Anyone who has ever shuffled their way along Edinburgh's Royal Mile during the Fringe will know that battle is fierce among the comedians taking part and the weapon of choice is the flyer. So you have to hand it to the American comic Lewis Schaffer, whose publicity for his act this summer is nothing short of genius.

Schaffer's show (at The Hive, from 31 July to 24 August) is called Success is not an Option, and the pre-publicity explains: "This is my seventh consecutive year at the Fringe and I have gained zero traction. Twenty-two years in comedy and I am still doing these poncey shows in dingy subterranean bars. There is always some American comic nobody has ever heard of riding into town, selling out every night and then leaving the country once the festival is over. Leaving is always sexy. My ex used to tell me, 'You used to chase me!' And I'd say, 'You used to run.' I've stopped running. I'm not leaving the UK. I am stuck here with a knackered act, two kids and nobody chasing me. If my show is a success, I will have been a failure in predicting its failure. If my show is a failure, I will have just been a failure. So no matter what happens, I'll have been a failure."

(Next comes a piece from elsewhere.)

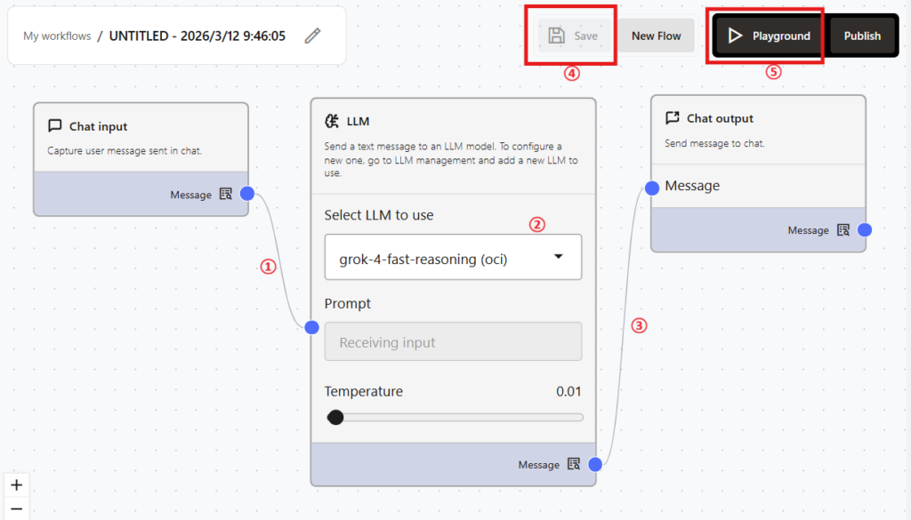 ③LLMの「Message」横の青丸とChat output横の「Message」の青丸をドラッグして線を繋げます。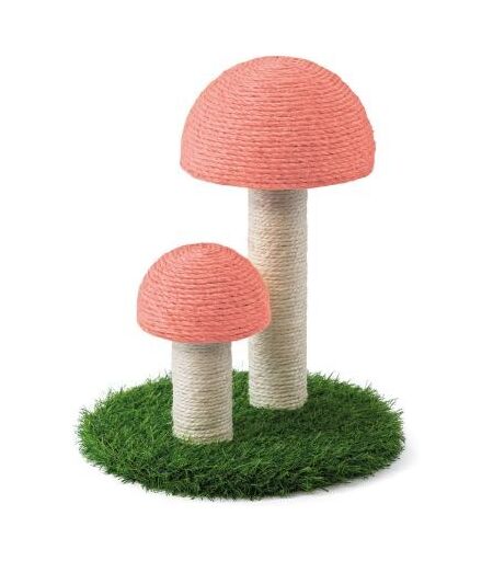 Fungo Rosa: Tiragraffi a forma di fungo, testa rosa. Materiali: Sisal ed erba sintetica per resistenza. Varied Sizes: Due funghi di misure diverse. Montaggio Facile: Senza attrezzi. Benefici: Soddisfa istinto di graffiatura, resistente. Spazioso: 30cm x 30cm x 38cm. ...

If Schaffer's act is as good as this stuff, he surely deserves all of our support in helping him fail.

Are you being served?

Confessions seem to be quite the thing right now. The Whisper app – on which people share secrets anonymously – launched two years ago, but its profile has been raised recently by a deal it has done with Buzzfeed. Cue much sharing of articles with titles such as "Confessions from Teachers/Cabin Crew/Bar Staff" and so on.

And guess what the last one of these reveals – a fact confirmed by a recent survey conducted by the makers of Sailor Jerry rum? It's that the pet peeve of people working behind a bar is "customers waving notes to demand service". "Why not fire off a sea flare while you're at it?" says one. "I know you're here. I'm gonna be with you in a minute." Who knew?

No rhyme or reason

Another in a regular series of limericks based on recent events:

In an act of political daring

The press took to MP comparing

But a Cabinet reshuffle

Can be such a kerfuffle

So let's just look at what they're all wearing.